Tuning of model using repeated Cross-validation dataset

To fit the model, we need to:

get_var_explained <- function(recipe, ...) {
  
  # Extract the predictors and outcomes into their own matrices
  y_mat <- bake(recipe, new_data = NULL, composition = "matrix", all_outcomes())
  
  x_mat <- bake(recipe, new_data = NULL, composition = "matrix", all_predictors())
  
  # The pls package prefers the data in a data frame where the outcome
  # and predictors are in _matrices_. To make sure this is formatted
  # properly, use the `I()` function to inhibit `data.frame()` from making
  # all the individual columns. `pls_format` should have two columns.
  pls_format <- data.frame(
    endpoints = I(y_mat),
    measurements = I(x_mat)
  )
  # Fit the model
  mod <- plsr(endpoints ~ measurements, data = pls_format)
  
  # Get the proportion of the predictor variance that is explained
  # by the model for different number of components. 
  xve <- explvar(mod)/100 

  # To do the same for the outcome, it is more complex.
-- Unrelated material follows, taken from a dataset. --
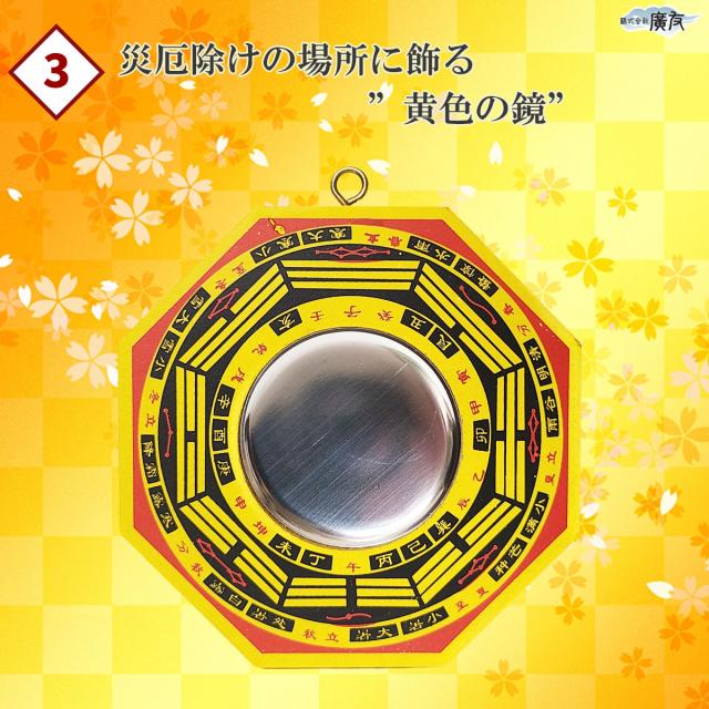 ・『災厄除けの場所に飾るー“黄色の鏡”』−邪気や殺気を跳ね返しながら金運色の黄色で金運アップ。

This code 
  # was extracted from pls:::summary.mvr. 
  explained <- 
    drop(pls::R2(mod, estimate = "train", intercept = FALSE)$val) %>% 
    # transpose so that components are in rows
    t() %>% 
    as_tibble() %>%
    # Add the predictor proportions
    mutate(predictors = cumsum(xve) %>% as.vector(),
           components = seq_along(xve)) %>%
    # Put into a tidy format that is tall
    pivot_longer(
      cols = c(-components),
      names_to = "source",
      values_to = "proportion"
    )
}

# Compute this dataframe for each resample, and save the results in different columns:

folds_pls2 <- 
  folds_pls2 %>%
  dplyr::mutate(var = map(recipes, get_var_explained),
         var = unname(var))

Scree plot

Extract variance data:

variance_data <- 
  bind_rows(folds_pls2[["var"]]) %>% # select var col in folds dataset
  filter(components <= 20) %>% # limit components to from 1 to 20
  group_by(components, source) %>%
  summarize(proportion = mean(proportion))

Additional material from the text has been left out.